Understanding Graded Relevance in RAG Pipelines
In the final installment of our RAG pipeline evaluation series, we explore graded relevance metrics that go beyond simple binary classification. Unlike binary metrics that categorize results as merely relevant or irrelevant, graded metrics recognize that relevance exists on a spectrum. This nuanced approach provides a more sophisticated framework for evaluating retrieval quality in modern AI systems.
DCG@k: Measuring Graded Relevance with Ranking Penalties
Discounted Cumulative Gain (DCG@k) represents a significant advancement in retrieval evaluation by combining graded relevance with ranking awareness. This metric quantifies how useful retrieved results are while accounting for their position in the ranking.
The DCG@k Formula Explained
The DCG@k formula incorporates both relevance scoring and ranking penalties: DCG@k = Σ(rel_i / log₂(i + 1)). Here, rel_i represents the graded relevance score of result i, while the logarithmic denominator penalizes items appearing at lower ranks. This mathematical structure emphasizes that highly relevant results appearing at the top of retrieval lists contribute more significantly to the overall score.
Practical DCG@k Calculation Example
Consider a retrieval scenario where results have graded relevance scores of [3, 2, 3, 0, 1]. The DCG@5 calculation would sum each relevance score divided by the log of its position, resulting in a comprehensive evaluation that rewards both high relevance and optimal ranking.
Normalizing Performance with NDCG@k
While DCG@k provides valuable insights, it presents a fundamental limitation: scores naturally increase with larger k values, making comparisons across different retrieval set sizes challenging. Normalized Discounted Cumulative Gain (NDCG@k) solves this problem by introducing normalization against an ideal scenario.

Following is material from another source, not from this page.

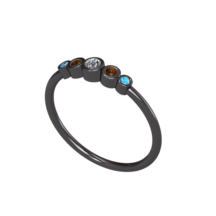 Elmas, dumanlı kuvars ve akuamarin 925 ayar siyah rodyum kaplama gümüş yüzük (0.06 karat)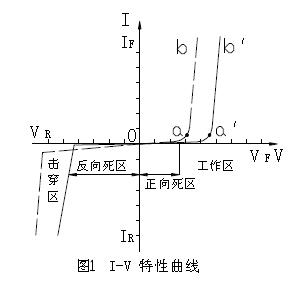 為反向飽和電流。V>0 時(shí),V>VF 的正向工作區(qū)IF 隨VF 指數(shù)上升,

Introducing IDCG@k: The Perfect Benchmark
Ideal Discounted Cumulative Gain (IDCG@k) represents the maximum possible DCG@k score for perfectly ranked results. By calculating DCG@k for results sorted in descending relevance order, IDCG@k establishes the gold standard against which actual performance can be measured.
NDCG@k: The Complete Solution
NDCG@k = DCG@k / IDCG@k provides a normalized score ranging from 0 to 1, where 1 indicates perfect retrieval and ranking. This normalization enables meaningful comparisons across different k values and retrieval configurations, making it an indispensable tool for RAG pipeline optimization.
Python Implementation for Practical Application
The implementation involves three key functions: dcg_at_k calculates the discounted cumulative gain, idcg_at_k computes the ideal scenario by sorting relevance scores, and ndcg_at_k normalizes the results. This Python framework allows data scientists to seamlessly integrate graded relevance evaluation into their RAG development workflow.
Comprehensive RAG Evaluation Framework
This concludes our three-part series on RAG pipeline evaluation metrics. From binary order-unaware measures like Precision@K and Recall@K, through order-aware metrics like MRR and Average Precision, to the sophisticated graded relevance metrics DCG@k and NDCG@k, we’ve built a comprehensive toolkit for quantifying retrieval performance. These metrics form the foundation for building effective RAG systems that deliver accurate, well-ranked results grounded in relevant source documents.